The man’s smile deepened. “No.”
He held out his hand. “Watch.”
Cael kept the weapon in his grip, letting the man guide him through a motion without surrendering control. The seller placed two fingers on a point near the guard and made a quick, practiced twist of the wrist, like snapping a cloth.
The Foldblade shifted.
Not with a flash.
Not with a dramatic flourish.
It clicked and extended, metal sliding out from itself with a smoothness that made Cael’s skin tighten. The blade lengthened into a sword, not as long as a war blade, yet long enough to be dangerous in any close fight. The balance stayed clean, like the weapon had been born that way.
Cael’s eyes narrowed.
The seller made the reverse motion, twisting the other way.
The blade retracted, collapsing back into its heavy short form, compact and easier to hide.
Cael’s pulse rose.
He looked at the mechanism, searching for flaws. Searching for failure points. He found none quickly. The craft was too clean.
“How,” Cael asked.
The seller shrugged. “Good design. Better metalwork. A hinge system buried in the spine, reinforced so it doesn’t snap under strain.”
Cael didn’t fully believe the explanation. Not because it was impossible. Because it was too convenient. Too perfect.
Still, the weapon was real in his hand, and it solved the exact problem he’d been wrestling with.
A sword he could carry like a dagger.
A blade he could hide.
A blade that could still claim authority.
“How much,” Cael said.
The seller named a number.
Cael’s jaw tightened.
That was expensive.
More expensive than the three daggers. More expensive than the bow. More expensive than his month at the inn.

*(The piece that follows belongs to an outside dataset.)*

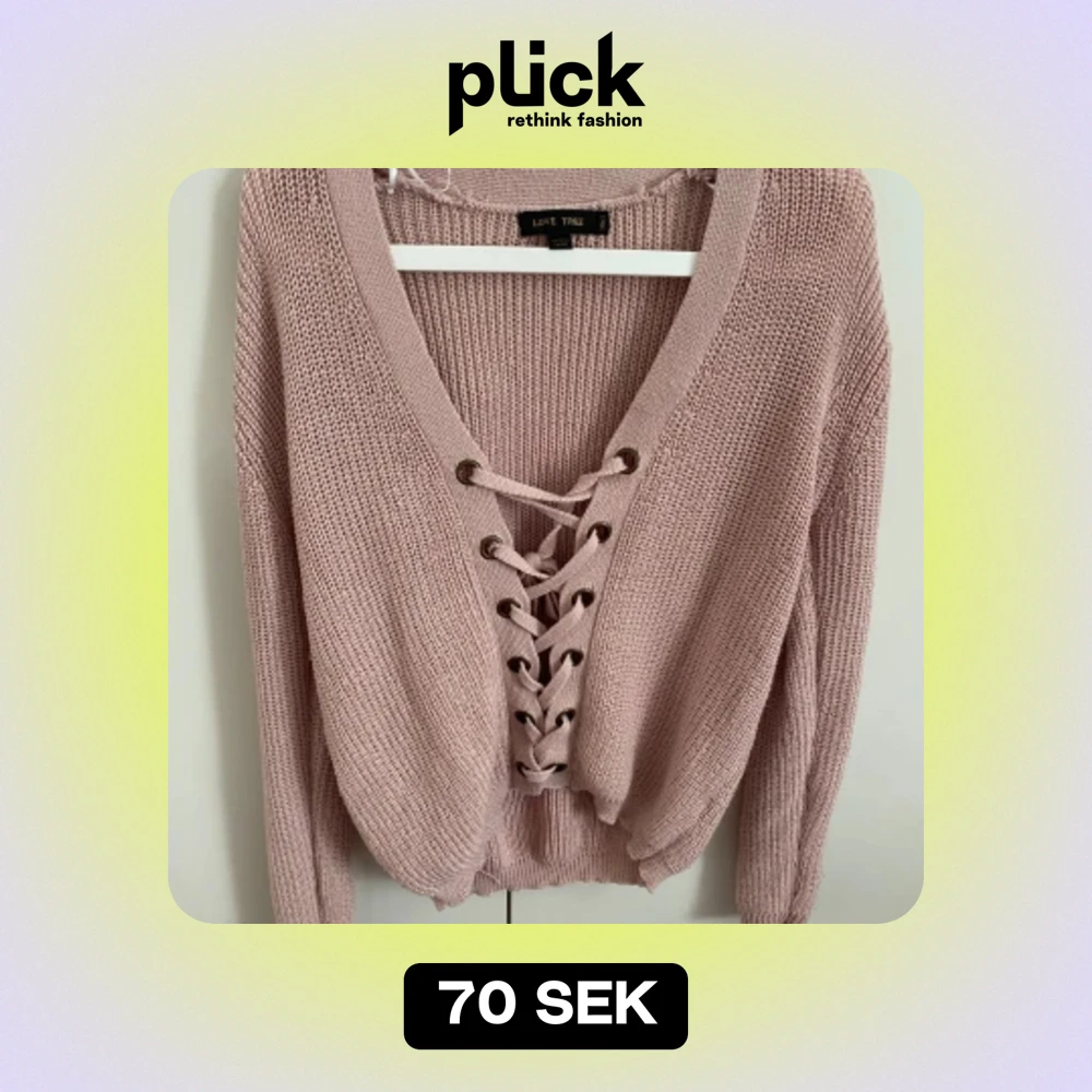 SĂ€ljer en superfin rosa stickad tröja frĂ„n Love Tree. Den har en snörning dĂ€r fram och Ă€r v-ringad. Perfekt för höst och vĂ„r. Tröjan Ă€r i bra skickđ

He understood why. The Foldblade wasn’t meant for everyone. If weapons like this were cheap, the city would be chaos with an extra layer of style. People already fought over small things with fists and crude knives. Give every angry man a collapsible sword and you’d have blood in the gutters every morning.
Cael weighed the cost like he weighed everything else.
Coin now meant survival later.
Weapon now meant survival now.
He thought of the mission. Kill the ruler.
He thought of what that likely meant: guards, doors, resistance, tight spaces where a bow might be awkward and daggers might require too much intimacy.
A Foldblade was an answer to that.
He paid.
The seller’s grin softened into something like respect. “Good choice.”
Cael didn’t respond. He slipped the Foldblade into his bag, then into a hidden strap space he’d already chosen for it. He adjusted the bag again, making sure the weight didn’t swing, making sure nothing clinked.
He did a quick count in his head now. He didn’t want to obsess. He also didn’t want to be foolish. The weapons had cost him around three hundred stone crowns in total, give or take. A heavy expenditure, yet still well within his converted funds.
He left Iron Row.
And began walking back toward the inn.